STORED DATA
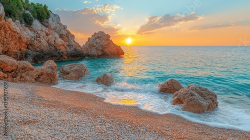 Serene sunset over a pebble beach, turquoise water lapping gently against the shore, rocks framing the scene
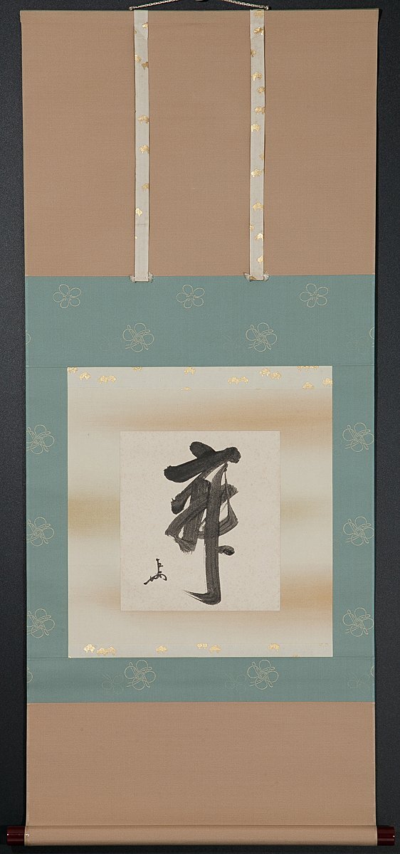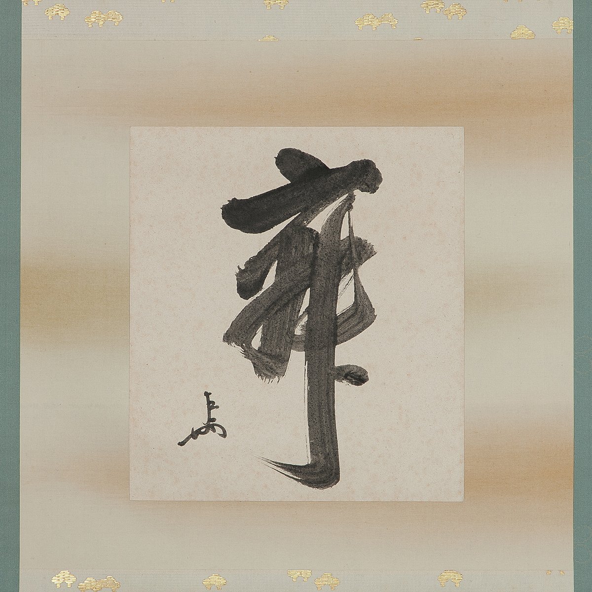 【五】表千家 無盡宗左 即中斎 一字書 紙本 墨 掛軸 箱付 茶道具 茶掛 真作
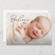 Difunde alegría por las vacaciones con esta tarjeta de foto de Navidad Believe Baby —una manera reconfortante de celebrar la temporada y mostrar a tu pequeño. El diseño presenta un elegante guión manuscrito, acompañado de la foto de su recién nacido, creando un conservadurismo atemporal que combina el encanto festivo con la simplicidad moderna. Personalice con su nombre y año familiar para que sea único suyo. Ya sea enviada a abuelos, amigos o seres queridos cercanos y lejanos, esta tarjeta captura la alegría, la inocencia y la magia de la primera Navidad del bebé. Perfecto para familias modernas que valoran el diseño elegante y los toques sentimentales, esta tarjeta de vacaciones personalizado es más que un saludo, es un recuerdo que será valorado en los años venideros.

PROBLEM REQUIREMENTS
The listing above is to be retyped exactly, with all pictures left out.

COMPLETED TASK
 Serene sunset over a pebble beach, turquoise water lapping gently against the shore, rocks framing the scene
 【五】表千家 無盡宗左 即中斎 一字書 紙本 墨 掛軸 箱付 茶道具 茶掛 真作
 Difunde alegría por las vacaciones con esta tarjeta de foto de Navidad Believe Baby —una manera reconfortante de celebrar la temporada y mostrar a tu pequeño. El diseño presenta un elegante guión manuscrito, acompañado de la foto de su recién nacido, creando un conservadurismo atemporal que combina el encanto festivo con la simplicidad moderna. Personalice con su nombre y año familiar para que sea único suyo. Ya sea enviada a abuelos, amigos o seres queridos cercanos y lejanos, esta tarjeta captura la alegría, la inocencia y la magia de la primera Navidad del bebé. Perfecto para familias modernas que valoran el diseño elegante y los toques sentimentales, esta tarjeta de vacaciones personalizado es más que un saludo, es un recuerdo que será valorado en los años venideros.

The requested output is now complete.